Montague Ullman, M, D.
In psychiatry there is a diagnostic entity variously known as psychopath, sociopath and antisocial personality disorder. The central feature of this disorder is the failure to develop any ethical standards of social behavior, The concept of "do unto others as you would have them do unto you" is foreign to the psychopath. That remarkable advice is replaced by "do unto others as it pleases you regardless of consequences." We do not know for sure the cause of such behavior, whether it is genetic in origin, the result of early developmental trauma, or a combination of the two. The outstanding feature is that the psychopath has a natural talent for using and exploiting others and does so with such skill that true motives remain concealed by ingratiating ways and apparent normality. At some point the bubble bursts and the victim awakens to the reality that they have been taken.
In a democratic society government is supposed to serve the needs of every member of that society. There are two models for such societies, Both involve capitalism. The social democratic societies, such as in Scandinavia, temper the profit motive so as to restrict the massive inequities and ensure that health, education, security and opportunity is available to all.

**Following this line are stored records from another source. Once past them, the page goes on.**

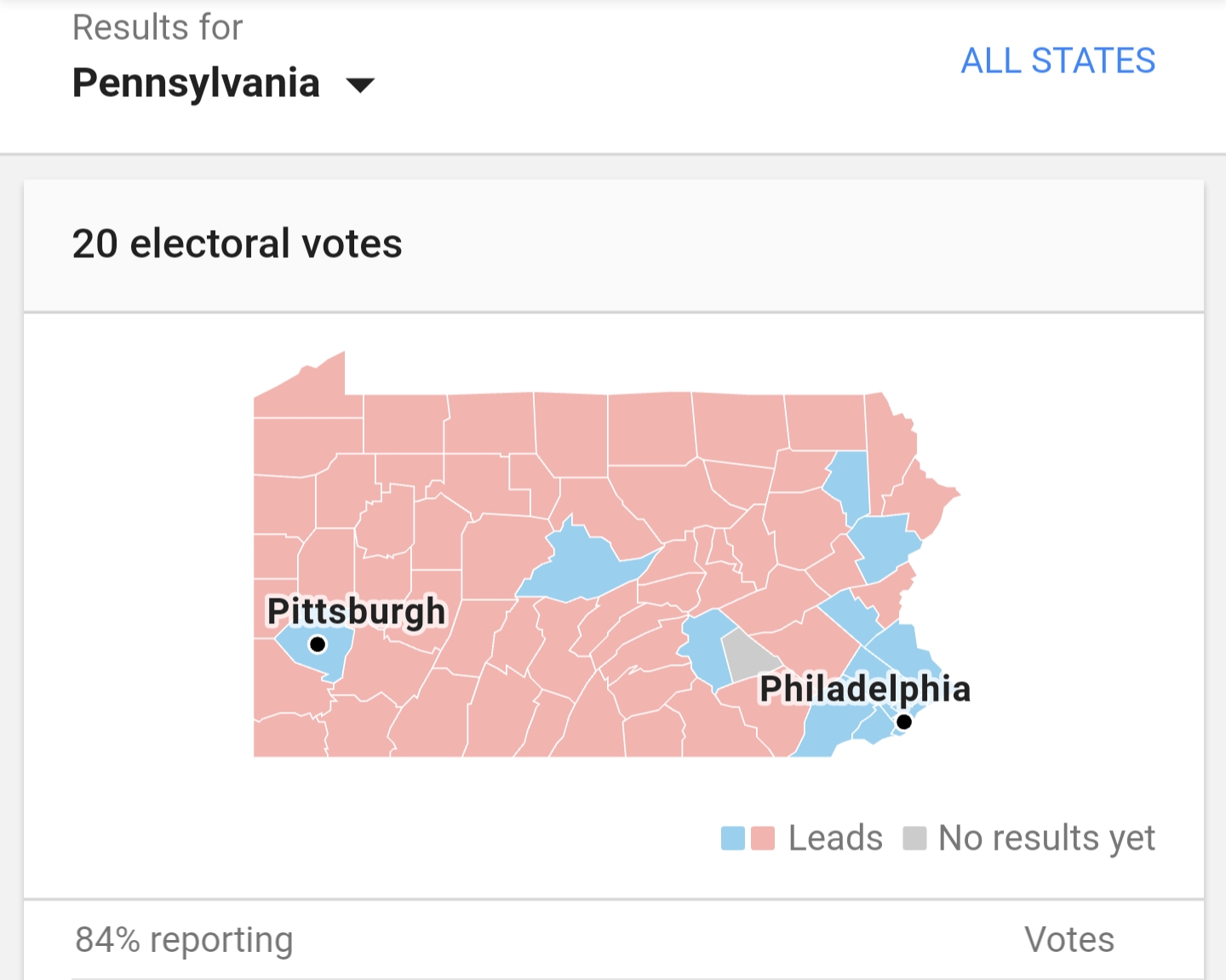 Eugenia писал(а): Artemida писал(а): Татиана_1 писал(а): В Ра тоже ноздря в ноздрю Очень за Пенсильванию переживаю, но она исторически демовская. Филадельфия, а деревня вся усыпана синими табличками с трампом Почти весь штат розовый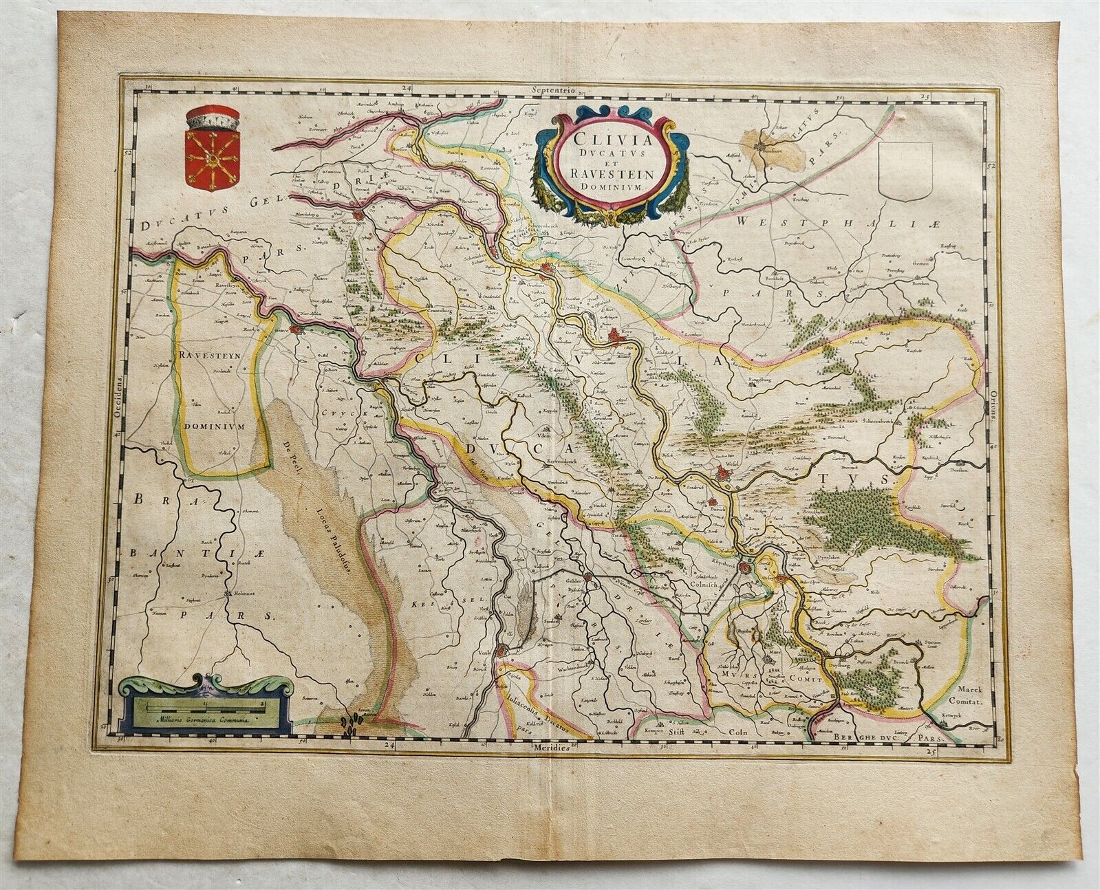 1640 MAP of GERMANY CLEVE & RAVENSTEIN by WILLEM BLAEU antique AUTHENTIC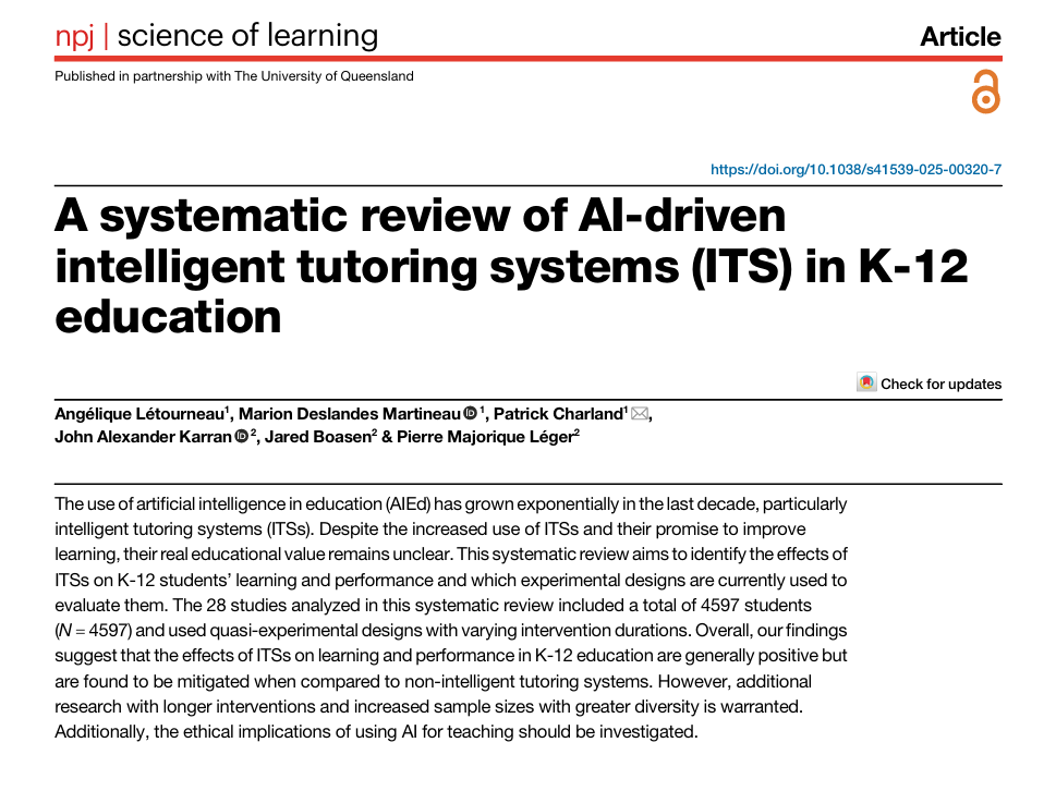 论文摘要: 过去十年中,人工智能(AIEd)在教育中的应用呈指数级增长,尤其是智能辅导系统(ITSs)。尽管I […]

They do this by a system of taxation that succeeds in narrowing the gap between the haves and the have-nots so that a significant proportion of the population is not in trouble.
In the United States where capitalism is given a much freer rein there is the possibility of the profit motive getting so out of hand that those on top are enriched at the expense of those left behind, That is "wild capitalism". The recent run of failures of formerly very profitable corporations are a prime example of that, and how painful it is for those who are ultimately victimized by it. Victimhood is the characteristic feature of psychopathy.
A corporation has been endowed with personhood by the Supreme Court. It is not a person but it is run by persons. If the ethical standards of those at the top fail to maintain a certain level of social responsibility, the result is the insidious onset of corporate psychopathic behavior. A few get very rich and the others wake up one day to find themselves abandoned by the institution they trusted. We now have to take into account the corporation as a psychopathic entity outfitting all prior attempts on the part of governmental regulating agencies to control its behavior. A reactionary government succumbing to corporate power colludes in this happening by weakening regulatory controls, In his book "The Corporation", Joel Bakan offers a thorough account of corporate psychopathy,
The damage in human terms resulting from psychopathic behavior, individual or corporate, leaves a destructive trail behind. The individual psychopath contaminates whatever circle he moves in. Corporate psychopathy contaminates the government which is responsible for setting certain ethical limits to corporate behavior. Excessive lobbying and financial largesse influences those who make the laws and those who have the responsibility for executing the laws.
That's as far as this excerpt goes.